A 1994 Wall Street Journal article on Tupelo comments that "in a corner of the U.S. where labor's main selling point is its low cost and where racial conflict has left deep scars, Tupelo spends heavily to build a skilled workforce and acts quickly to address minority grievances." The article goes on to document that conclusion. It adds that the CDF targets mid-sized and smaller businesses and that it invests heavily in education and training.

The most recent employer to locate in Turner Industrial Park is Omega Motion, a firm that makes metal parts (such as glider mechanisms) for motion furniture. A start-up firm, Omega began shipping product this spring, less than a year after its incorporation in 1996. That fast start (which involved a $10 million investment by Omega) was possible in part because the CDF secured a grant from ARC to expedite preparing a suitable site. Omega's president, Stephen Lake, calls CDF "the best community development foundation in the world . . . and I've run plants from Texas to Michigan."

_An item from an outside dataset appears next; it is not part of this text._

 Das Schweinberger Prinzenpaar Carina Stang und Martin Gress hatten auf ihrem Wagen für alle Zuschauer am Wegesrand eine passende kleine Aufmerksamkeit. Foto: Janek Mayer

"We had people who wanted us to go somewhere else," he says. "But when we looked around and saw what was available between the local government, the county, the state, and the federal partners, it was kind of like, as the kids say, 'Duh!' There's only one place to build this plant."

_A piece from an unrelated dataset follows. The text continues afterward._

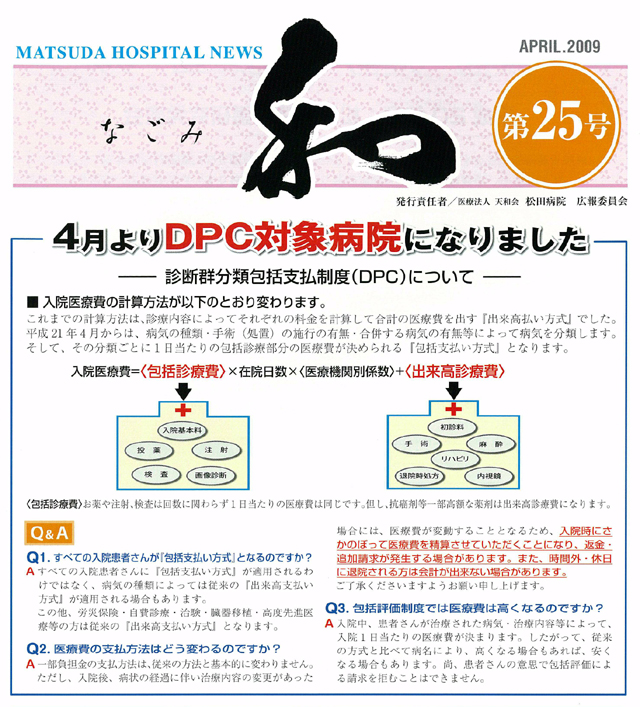 | なごみ25号 | 2009年4月 | DPC対象病院、排尿に関する症状の解説「泌尿器科」 |

Lake was also impressed by the CDF's emphasis on social and environmental issues.

"It wasn't like they would give away the store just to get jobs, either," he says. "They're very business-oriented, but not just business-oriented. They're community-oriented. They look at everything. They want to have jobs for the people so they don't have to go anywhere else."

Lake says he was asked searching questions about everything from his plant's impact on the environment to his projected range of employment opportunities, especially the projected mix between skilled and unskilled jobs. He says that the questions were "tough, but once they [CDF staff] got the answers, they moved fast."

"They're so concerned about the schools," he adds. "When we first came here, we had 'Industrial Day.' I didn't go to the high school. I went to an elementary school. I thought this was a cool idea—and then I learned it was their sixteenth annual one! They hadn't just read about it. They were the ones who've been doing it for someone else to read about."

It's almost certainly not incidental that the CDF has had only four executives during its 50-year history; Martin has served in that capacity since 1956. But everyone you talk to describes essentially the same vision: a diversified economy, jobs at varying skill levels but with an emphasis on upgrading, and jobs close to home. The Lee County leadership is as competitive and market-oriented as any group you'll find anywhere, but they clearly regard "quality of life" as more than a recruiting cliche.

"You've got lots of people trying to do something about rural development," Martin says, "but it's too late when the people are gone. Those [Lee County] farms are still being operated, even if by fewer farmers. We still have those little churches and those little cemeteries. Not only did we never lose our rural population, we never had people who were uprooted and had no value system. We're bucking the trends because we've got the product manufacturers most want—a work ethic. And rather than letting one area get bigger and bigger, we spread the growth around. That's synergy. It's not wealth that counts—it's the human energy."

Fred D. Baldwin is a freelance writer based in Carlisle, Pennsylvania.